If you see a physician or a physical therapist, you can be given exercises that will make your feet stronger and increase the motion in your foot and ankle.

Your whole body

While this blog is focused on the lower body, there are similar issues with growth plates in the upper body, especially around the shoulder blade and neck.

If you’re building a house, you want a stable foundation to build your house above. The foot core and your foot mechanics are the foundation of your legs and your shoulder blade mechanics are the foundation of your arms. If the foundation is not adequate, especially with children, you can develop pain through your growth plates and pain inside your joint.


How do you tell if a child has a problem like a minor sprain that will heal on its own with rest and a more serious growth plate issue?

If your child seems to have a minor issue but it’s not improving over a couple of days, they should be looked at to make sure that they haven’t injured the growth plate. If they’ve had an injury where the joint itself is swollen or hurts a lot when they try to move the joint, they should be seen sooner. We can tell with our exam and with imaging such as X-rays and CT scans if the growth plate is injured.

How does specialization in sports affect joint pain in young athletes?

Ideally, kids will follow the American Academy of Pediatrics guidelines for sports participation:

  • No organized sports two days a week
  • No organized sports two months a year (can be broken up into weeks and does not need to be two months at a time)
  • One team at a time
  • One sport at a time
  • Rotate sports throughout the year

Many children nowadays do one sport all year long and then do additional sports seasonally, but this does not give their bodies time to recover. Adult athletes, including professional and semi-pro athletes that we take care of, don’t train all year. They take breaks and let their body recover. Having young athletes continue training and competing without a break does a disservice to them in both skill development and in risk of injury.

Until the junior or senior year of high school, kids should do a variety of sports. They should take breaks from running sports and do things like swimming so they can recover from the impact. Specialization at the end of high school and approaching college is acceptable, but children who are five or six years old and doing a single sport year-round may have problems.

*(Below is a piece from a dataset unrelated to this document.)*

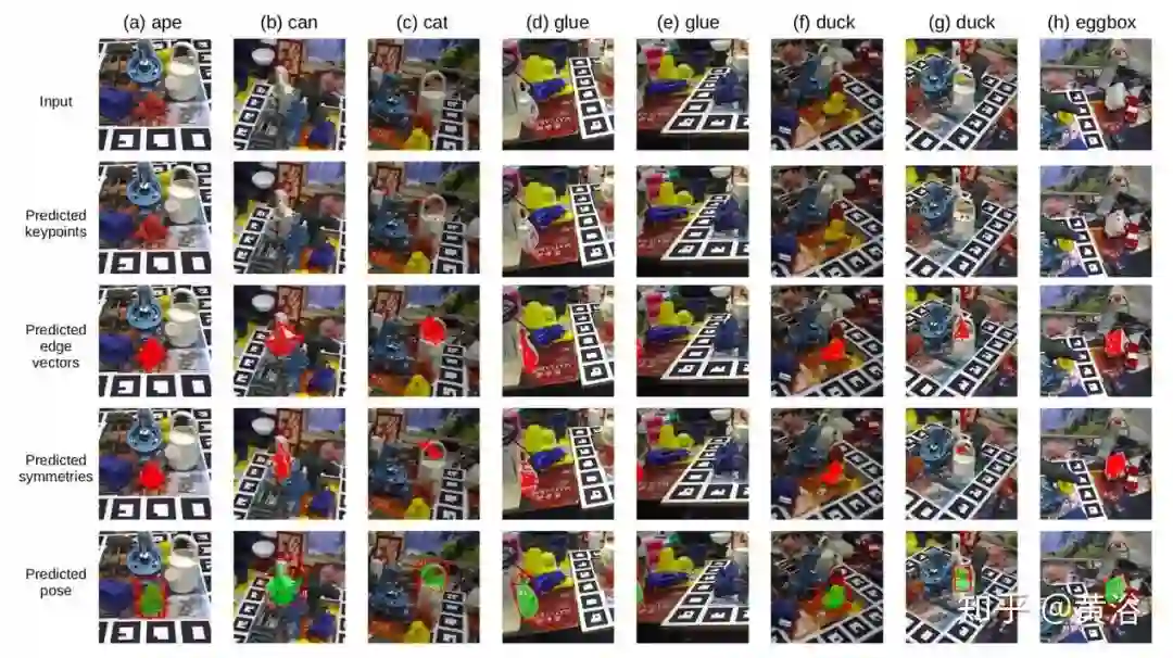 而下图展示的是有旋转对称轴目标的姿态估计:

What are some exercises for Sever’s disease?

Sever’s disease is when the growth plate in a child’s heel gets inflamed and aggravated. The child’s calves are often too tight. They may not have the strength within their hips to support their legs correctly, causing them to twist the growth plate. Physical therapy exercises will loosen up the muscles and make sure the mechanics are correct through their feet and through their hips.

My guideline for children with Sever’s or other growth plate issues is often limping. If the child can do their sport with a little bit of discomfort but nobody can see them favoring the joint or limping, then they’re safe to keep playing. If the child is limping during the sport or continuing to limp after the sport, then the child should stop playing temporarily and do physical therapy to fix the problem.